2016-06-17 09:01:39 | 読書ノート
アルビン・E.ロス『Who Gets What : マッチメイキングとマーケットデザインの新しい経済学』櫻井祐子, 日本経済新聞出版社, 2016.

  経済学。マッチング理論およびマーケットデザイン研究についての一般向け解説書である。著者は2012年のノーベル経済学賞受賞者。本書でも説明されているように、もともとはゲーム理論家だったが、その後に腎臓移植ネットワークの設計や、ボストン市やニューヨーク市の公立学校の入学資格の割当制度の設計に関わってきたとのこと。
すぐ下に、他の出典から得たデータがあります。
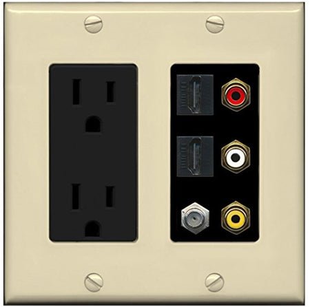RiteAV - 2 x 15 Amp 125V Power Outlet 3 x RCA - 2 X HDMI and 1 x Coax Cable TV Port Wall Plate - Ivory/Black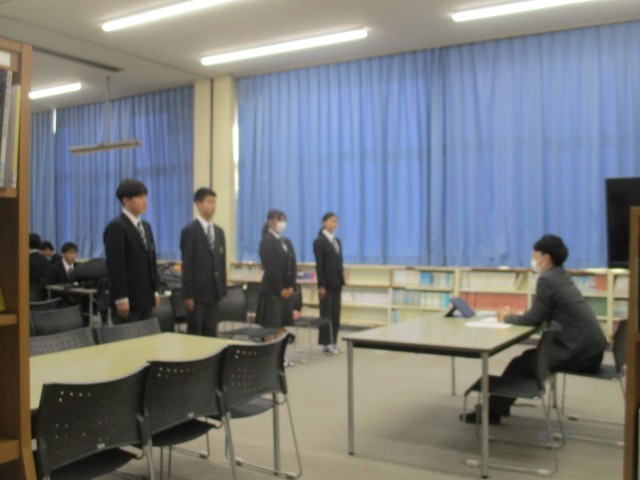 3年生が面接試験の練習をしていました。放課中はリラックスしていましたが、練習が始まると緊張して臨んでいました。公立推薦入試は面接試験しかないので、かなり抽象的なことも聞かれます。以前、ある生徒が「自立について、あなたの考えを聞かせてください」と聞かれたそうです。答えられますか?私はいつも「自立」の話をみなさんにしますが、とっさには答えられるかな?と不安になってしまいます。

原書はWho gets what - and why: The new economics of matchmaking and market design (HMH, 2015.)である。

  マッチングとマーケットデザインの位置づけと、実際の応用例の説明が本書の中心となっている。旧来の経済学は「コモディティ」すなわち価格がすべてのシグナルとなる財の市場を扱ってきた。これに対し著者は、価格システムの導入がはばかられるモノの取引もまた「市場」だとする。臓器や、医学生のインターシップ先や、特定の学校への入学資格がそうだ。これらにも最適な配分法がある。そうした方法が著者が定式化した「受入れ保留アルゴリズム」である。(のだが、アルゴリズムの説明は言葉だけによるもので、現実に応用できるほど詳しくない。この点は、新書ながら坂井著『マーケットデザイン』の方が詳細である)。とはいえ、本書はこの分野の可能性がよくわかる好著だろう。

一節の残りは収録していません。